2. As wonderful is the polarity of truth. Take this, "Hath not the potter power over the clay," &c., and place it alongside of the text. Bring the latter near to a Calvinist, and it repels and is repelled. Bring it near to an Arminian, and it attracts and is itself attracted. And so, vice versa, of the former text. But as in the magnet there is but one force manifesting itself in duality, so with God's sovereignty and man's responsibility. God cannot be disappointed; yet man is free.

3. Let the theologian, then, follow the example of the philosopher who does not say, as he looks upon the needle, "There must be some mistake in the matter"; but "This is a great mystery: yet there are the two poles, and one is as deserving of my attention as the other."

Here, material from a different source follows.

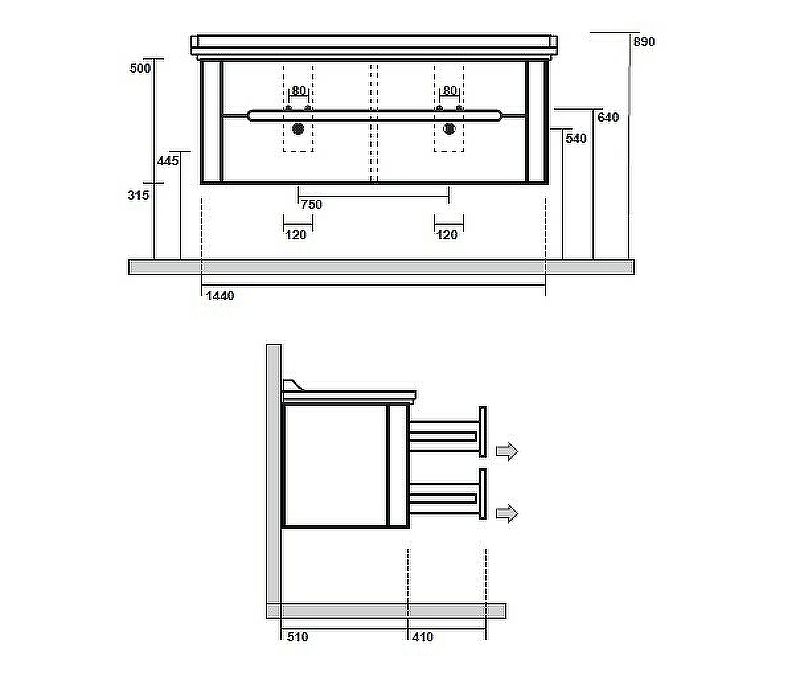 Габариты корпуса тумбы (ВхШхГ): 500х1440х510 мм.

II. RESPONSIBILITY FOR THE LOWER OR PHYSICAL CONDITIONS OF SPIRITUAL LIFE. As a plant has its enemies which crawl upon the ground, and others which fly in the air, so the spiritual life has its antagonists who meet it on every level. There is the danger from intellectualism, imagination, and the affections. Then also, on the lowest and widest level, in the physical region, there is often the marshalling of forces to oppose all growth in grace. And these are what the apostle alludes to. There is —

1. The excessive development of physical appetite and passion. That this has the fearful power implied in the text is very evident. Its first and most patent effect is upon the religious life. Take the professor who is given to intemperance. Before you can trace it upon the countenance, or in the domestic sphere, you will be able to note its influence upon the pulse of the man's religion. The man dies like some trees, from the heart outward. First and foremost dies that within him which is the very core of his manhood — his spiritual sense. There is much. with which the indulged vice may make some sort of terms for a time, love of family, desire for a good name, many of the higher tastes, ambitions, and activities. But vice and spiritual life cannot exist together. The life of the one is the death of the other.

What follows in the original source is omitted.